Stop at the line containing "Introducing the menu": repeat exactly every line of the entries below from the first up to it, plus that line, with pictures omitted.

[Records from a collection]
___
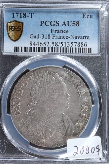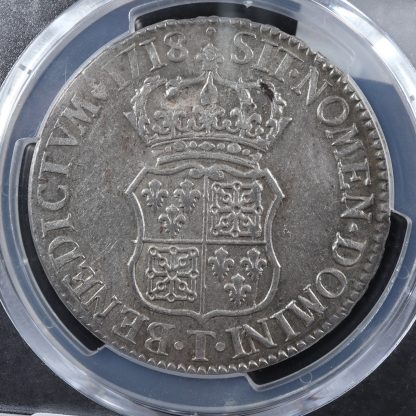 1 écu d’argent de Navarre 1718T Nantes France KM#435.20 PCGS AU-58 silver
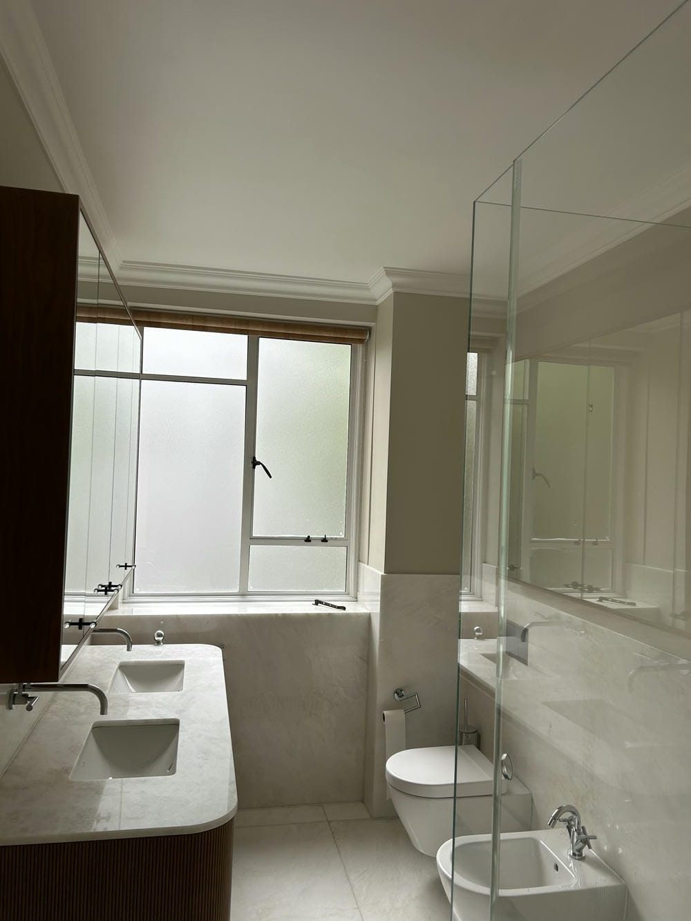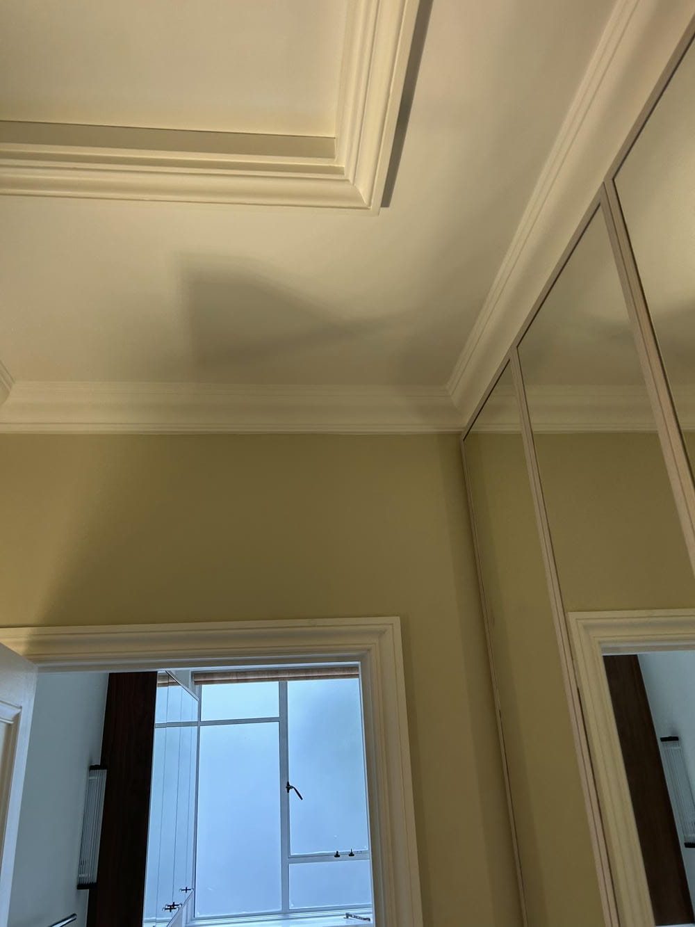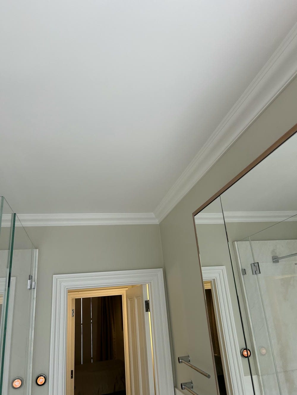 Restoration of two bathrooms and a dressing room following water damage. Situated in a prime Chelsea/South Kensington location, the property is finished to a high standard. Our protection was meticulous as always, with precise filling and sanding, stain blocking, and a flawless finish using designer paints from Paint & Paper Library and Farrow & Ball.
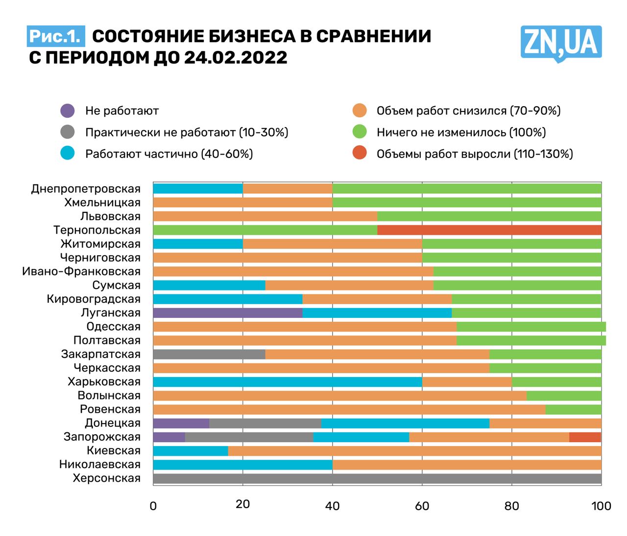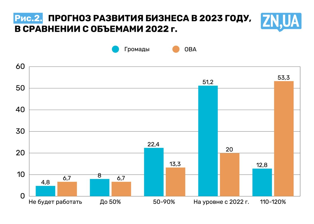 Примерно треть опрошенных представителей бизнеса во всей Украине предполагают, что 2023 год изменений не принесет. В западных, северных, центральных и южных областях от 13 до 17% респондентов мечтают о росте на 10–20%. На востоке треть опрошенных ожидает полной остановки бизнеса.
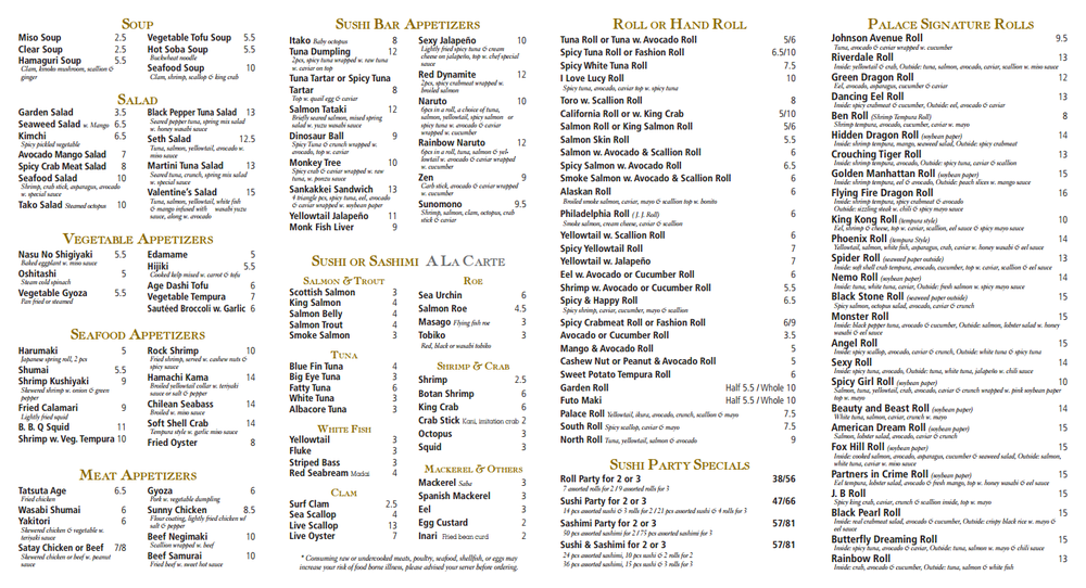 Introducing the menu at Palace of Japan, located in Bronx, NY, offers a delightful selection of Japanese cuisine. With a focus on seafood appetizers like BBQ Squid and Chilean Seabass broiled with miso sauce, the menu caters to seafood enthusiasts. For vegetarians, options like Agedashi Tofu and Vegetable Tempura are available. The beverage selection includes Japanese Soda and Fiji Water for a refreshing experience.
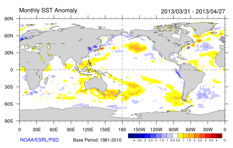 Differences from average global sea surface temperatures for 31st of March to 27th of April 2013. Map courtesy of NOAA Climate Diagnostics Centre (http://www.cdc.noaa.gov/map/images/sst/sst.anom.month.gif).
___
● **Task response**
 1 écu d’argent de Navarre 1718T Nantes France KM#435.20 PCGS AU-58 silver
 Restoration of two bathrooms and a dressing room following water damage. Situated in a prime Chelsea/South Kensington location, the property is finished to a high standard. Our protection was meticulous as always, with precise filling and sanding, stain blocking, and a flawless finish using designer paints from Paint & Paper Library and Farrow & Ball.
 Примерно треть опрошенных представителей бизнеса во всей Украине предполагают, что 2023 год изменений не принесет. В западных, северных, центральных и южных областях от 13 до 17% респондентов мечтают о росте на 10–20%. На востоке треть опрошенных ожидает полной остановки бизнеса.
 Introducing the menu at Palace of Japan, located in Bronx, NY, offers a delightful selection of Japanese cuisine. With a focus on seafood appetizers like BBQ Squid and Chilean Seabass broiled with miso sauce, the menu caters to seafood enthusiasts. For vegetarians, options like Agedashi Tofu and Vegetable Tempura are available. The beverage selection includes Japanese Soda and Fiji Water for a refreshing experience.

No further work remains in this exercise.